Vocação para margem (ou: “Non serviam”)

Alguns críticos do teísmo, como o falecido Christopher Hitchens, dizem que a religião é a causa dos males do mundo e a maior divulgadora de doutrinas estranhas e indefensáveis. Para eles, por exemplo, o respeito absoluto à liberdade humana por parte de Deus, inclusive depois da morte, é absurdo (o inferno); o esforço humano pelo equilíbrio na obtenção dos prazeres é uma afronta (ascese). No fundo desta postura está a premissa: o que não entendo é um absurdo. Como a dor não tem sentido para os ateus, o inferno como lugar de dor eterna é algo incompreensível; do mesmo modo, como o prazer não pode se submeter a regras, a ascese humana para ordenar as paixões é uma violência, a seus olhos. Para eles, a religião, e o cristianismo em particular, é castradora. No entanto, é justamente o contrário. O pensamento de matiz religioso e especialmente o espírito cristão católico é mais inclusivo e abrangente que o ateísmo puro e simples. O cristão católico não ignora nada: o mundo não é um lugar de onde se deva fugir, mas um campo de batalha que tem o leigo como infantaria entusiasmada; a dor não é uma inimiga, como pensam os ateus, mas uma aliada, se bem entendida; nem a morte, mal irremediável para os ateus – Hitchens que o diga! – tem a palavra final para os cristãos. Enfim, entre os ateus e os cristãos, quem vive castrado, sem poder aproveitar tudo (tudo mesmo!) que nosso mundo oferece são os ateus, pois eles só aceitam o prazer e não a dor; a vida e não a morte; a força, nunca a fraqueza. Nós outros, pelo contrário, assumimos tudo o que o mundo tem para nos dar. Os cristãos só não assumem o amor ao pecado, o apego ao mal. Mas aqui, nem os ateus aceitam. Para cristãos e ateus, amar o mal é inconcebível. Enfim, para os cristãos toda situação pode ser inserida em um projeto divino, a que o homem deve aderir para ser feliz. No nível pessoal, isso significa que toda pessoa tem uma vocação. Mas há algumas pessoas que tem vocação para margem.

Vocação para margem têm aquelas pessoas que, na juventude, criticavam a Igreja Católica por razão de sua apatia no campo político. Atacavam a doutrina, afirmando que ela não era suficientemente atual, capaz de dialogar com os nossos tempos. Apedrejavam os seus sacerdotes, dizendo que eles pareciam homens parados no passado, que deviam ser como os outros homens comuns, para que seu discurso fosse mais próximo dos seus paroquianos. Em outras palavras, na juventude essas pessoas se colocavam na margem esquerda, atacando a Igreja como representante do atraso, do antigo, do status quo.
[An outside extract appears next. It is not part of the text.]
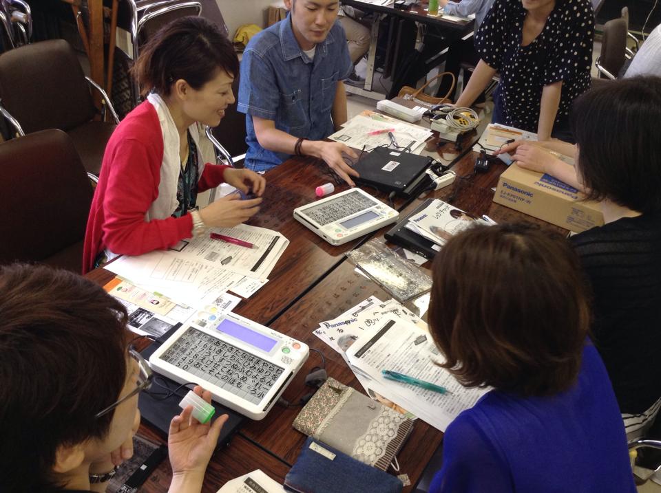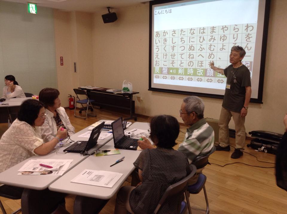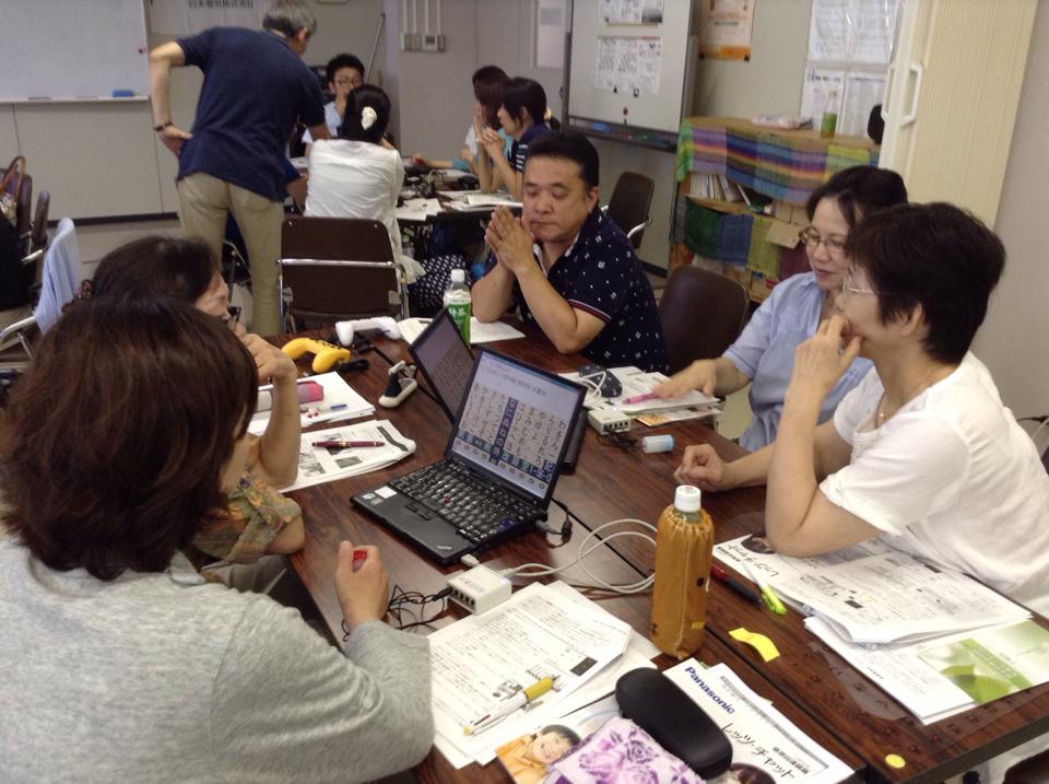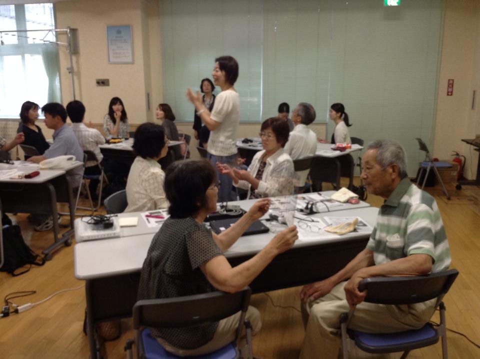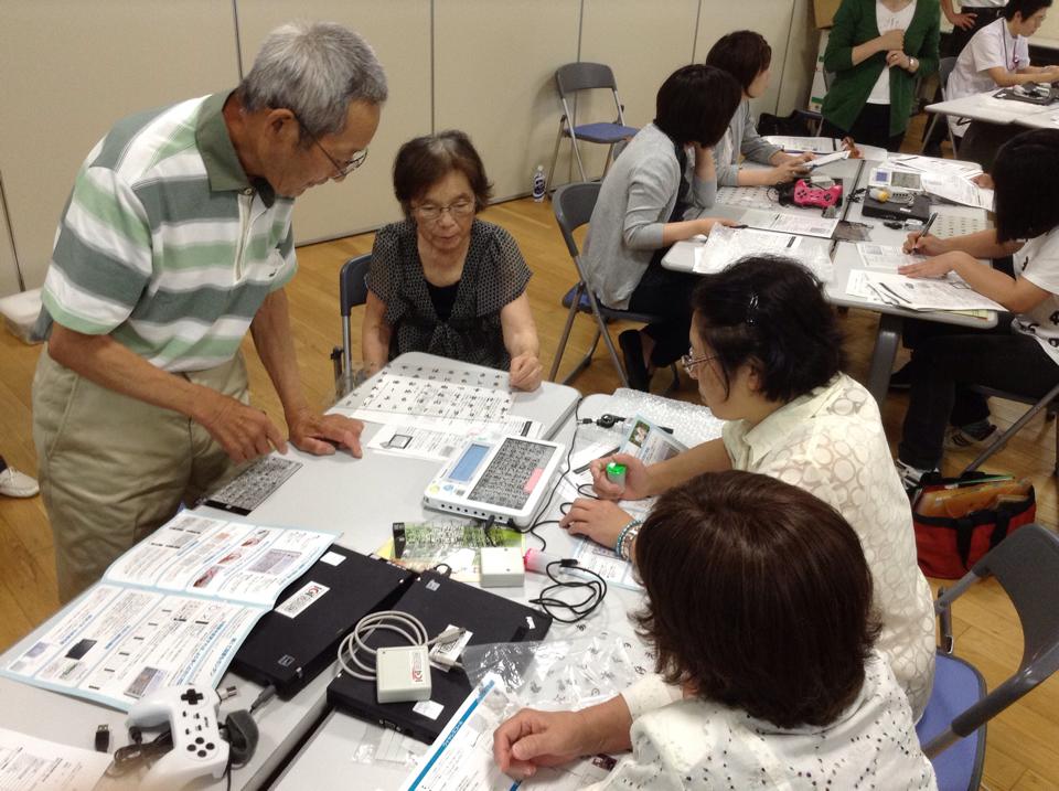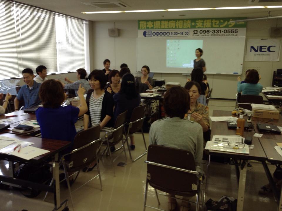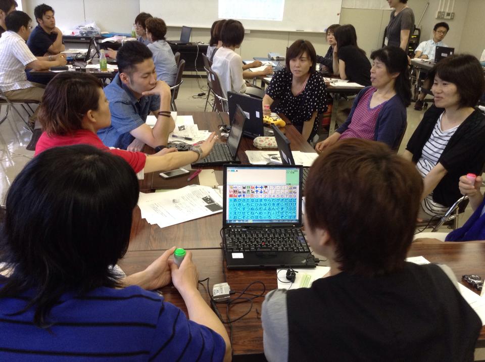 患者に最も近い家族、介護士へコミュニケーション支援機器の知識を持ってもらう目的で、参加しやすいように1日だけのカリキュラムで会場を変えて2回開催しました。特に2日目は会場をALS等の神経難病の患者を多く受け入れている病院で行ったため、患者家族の参加も多くありました。患者と支援する作業療法士が一緒に受講し、機器体験をすることにより、今後必要な機器の検討ができました。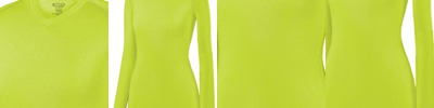 84% polyester/16% spandex knit ; Odor resistant ; Wicks moisture away from the body ; Ultra tight Ladies' fit ; Pad print label ; Self-fabric V-neck collar ; Raglan sleeves ;

Não raro, essas mesmas pessoas que queimavam a bandeira dos EUA aos 15 anos, quando fazem 40 passam por mais um processo de conversão e mudam de margem. Aí, descobrem que a Igreja Católica está demasiadamente envolvida com a política. Reclamam que a doutrina ensinada por aí está por demais atualizada, pondo em risco os conteúdos tradicionais. Criticam os sacerdotes, mas agora é por causa da sua lida mui próxima do povo, muito envolvidos com os problemas das pessoas e pouco espirituais. Na idade madura, eles continuam atacando a Igreja, mas da margem direita. Afinal, eles invocam que têm vocação para margem.

Na verdade, ninguém tem vocação para margem, mas há pessoas que sentem a necessidade quase vital de criticar. Da perspectiva moderna ou antiga, enquanto o mundo não se adequa a suas opiniões essas pessoas tornam-se renitentes e, não raro, violentos e injustos analistas da prática alheia. Como uma paródia do “Non Serviam” satânico, elas têm a tarefa pessoal de consertar o rumo da Nau da Igreja, seja orientando-a mais para a direita, seja mais para a esquerda, segundo seus próprios julgamentos. Quem tem vocação para a margem encontra grande dificuldade de deixar-se guiar pelo Doce Cristo na Terra e acha quase incompreensível o texto das Chaves de Pedro (Mt 16, 16ss).

Antes de levantarem os olhos para criticar as ações da Igreja, elas deveriam lembrar o Princípio de Gamaliel, descrito em At 5, 34ss: é preciso ter o cuidado de evitar, demasiadamente apegado às próprias opiniões, aconteça que guerreemos contra o próprio Deus, colocando-nos do lado dos seus inimigos. Afinal, não é esse o princípio dos demônios? Nunca servir?